After a few lines of working we can find that this changes the equilibrium values to be,

(65)#\[\begin{equation} c^*=K^*=\left(\frac{\phi-\mu}{\theta}\right)^{3/2}. \end{equation}\]

Similarly the Jacobian changes to,

\[\begin{align*} J=&\left( \begin{array}{cc} -r & r\\ \phi-\frac{2}{3}\theta K^{2/3} & -\theta K^{2/3}-\mu \end{array} \right) \end{align*}\]
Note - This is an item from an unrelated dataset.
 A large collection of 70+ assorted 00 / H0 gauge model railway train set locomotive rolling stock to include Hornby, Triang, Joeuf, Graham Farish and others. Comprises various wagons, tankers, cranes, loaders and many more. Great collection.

and after substituting in the equilibrium yields,

\[\begin{align*} J=&\left( \begin{array}{cc} -r & r\\ \frac{1}{3}\phi+\frac{2}{3}\mu & -\phi \end{array} \right) \end{align*}\]

As before we have \(T=-r-\phi<0\), but we now have \(D=r\frac{2}{3}[\phi-\mu]\). It is now clear that if we can give a high enough treatment we can completely kill the tumour. We can also demonstrate this by re-plotting the phase portrait.

3 key points#

  1. This model of cancer growth looks a lot like the logistic model, but with the carrying capacity also dynamic.

  2. Without treatment a tumour will always grow to fill its space.

  3. With treatment, the tumour can be eradicated provided the effect is strong enough.